Difference between TensorFlow and Keras
TensorFlow and Keras both are the top frameworks that are preferred by Data Scientists and beginners in the field of Deep Learning. This comparison of TensorFlow and PyTorch will provide us with a crisp knowledge about the top Deep Learning Frameworks and help us find out what is suitable for us.
TensorFlow is an open-source software library used for dataflow programming beyond a range of tasks. It is a math library that is used for machine learning applications like neural networks.
Keras is an open-source neural network library written in Python. It can run on top of TensorFlow. It is defined to enable fast experimentation with deep neural networks.

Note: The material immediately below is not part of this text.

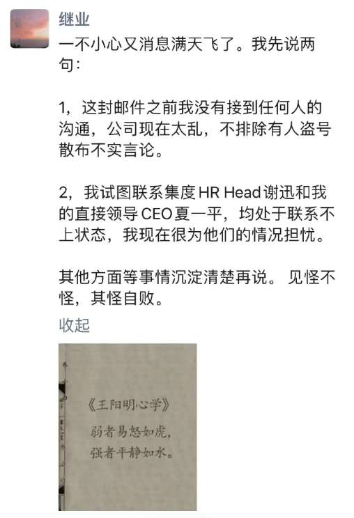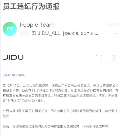 据第一财经报道,12月20日上午,极越汽车通过邮件发布“员工违纪行为通报”。极越汽车表示,公司出现危机以来,公关负责人徐继业不仅没有维护公司和员工声誉,反而在12月19日工作组努力促成、员工焦急等待补偿方案的时候,在其朋友圈发表分裂员工的不当言论,对员工感情及公司团结造成巨大伤害,严重违背“利他主义”的企业文化准则。公司依据《员工手册》相关规定,予以徐继业单方解除劳动合同的处理,并通报批评。 随后,一张备注为“继业”的截图在网上流传,其在朋友圈表示,“这封邮件之前我没有接到任何人的沟通,公司现在太乱,不排除有人盗号散布不实言论。我试图联系集度HR Head谢迅和我的直接领导CEO夏一平,均处于联系不上状态,我现在很为他们的情况担忧。” 极越汽车事件近期闹得沸沸扬扬。 12月11日,该公司多部门宣布就地解散。随后,员工社保断缴、CEO被围堵的消息冲上热搜。12月12日,多个注册名称为“极越销售门店”的抖音账号开启“摆烂式”直播。 12月13日,极越汽车的股东吉利和百度发表联合声明,称作为股东,将积极协助集度管理层妥善处理相关事宜:第一时间解决员工社保缴纳、离职员工补偿问题。 12月19日,极越员工善后方案出炉。文件显示,在相关政府部门指导和见证下,建立监管共管账户代极越为员工支付相关费用,垫付资金由百度、吉利打入。 善后方案具体涉及四个方面: 1、经济补偿:将按照“N+1”的标准提供经济补偿。 2、工资与社保、公积金:工资结算至2024年12月20日。 3、特殊安置:对于处于“三期”(孕期、产期、哺乳期)、工伤、医疗期的员工,原则上保留工作岗位直至相应情形结束。 4、履行方式与时间:在相关政府部门的指导和见证下,建立监管共管账户,代集度公司于2025年1月20日之前支付工资及经济补偿,垫付资金由百度、吉利打入。
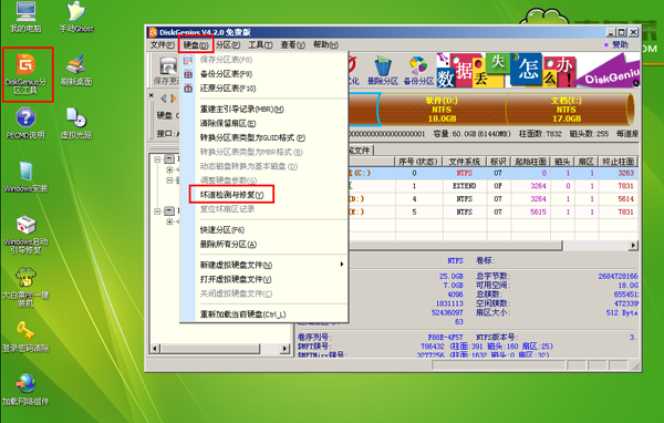 2.双击打开桌面上的“DiskGenius分区工具”,选中“硬盘”并点击“坏道检测与修复”

Comparison b/w both frameworks
All three frameworks are internally related to each other and have some fundamental differences that distinguish them from one another.
- Origin
- Speed
- Level of API
- Architecture
- Debugging
- Dataset
- Popularity
- APIs
Origin
TensorFlow library is developed by the Google brain team and free software library. And this library is open source in nature. And Keras is a minimalist Python library for deep learning which can run on top of Theano or TensorFlow and developed by Francois Chollet, a Google engineer using four guidelines principles: Modularity, Minimalism, Extensibility, and Python.
Speed
The performance is approximately lower in Keras, whereas TensorFlow and Pytorch provide a similar pace, which is fast and suitable for high performance.
Level of API
Keras is a high-level API able to run on the top of TensorFlow, CNTK, and Theano. It has gained support for its ease of use and syntactic simplicity, facilitating fast development.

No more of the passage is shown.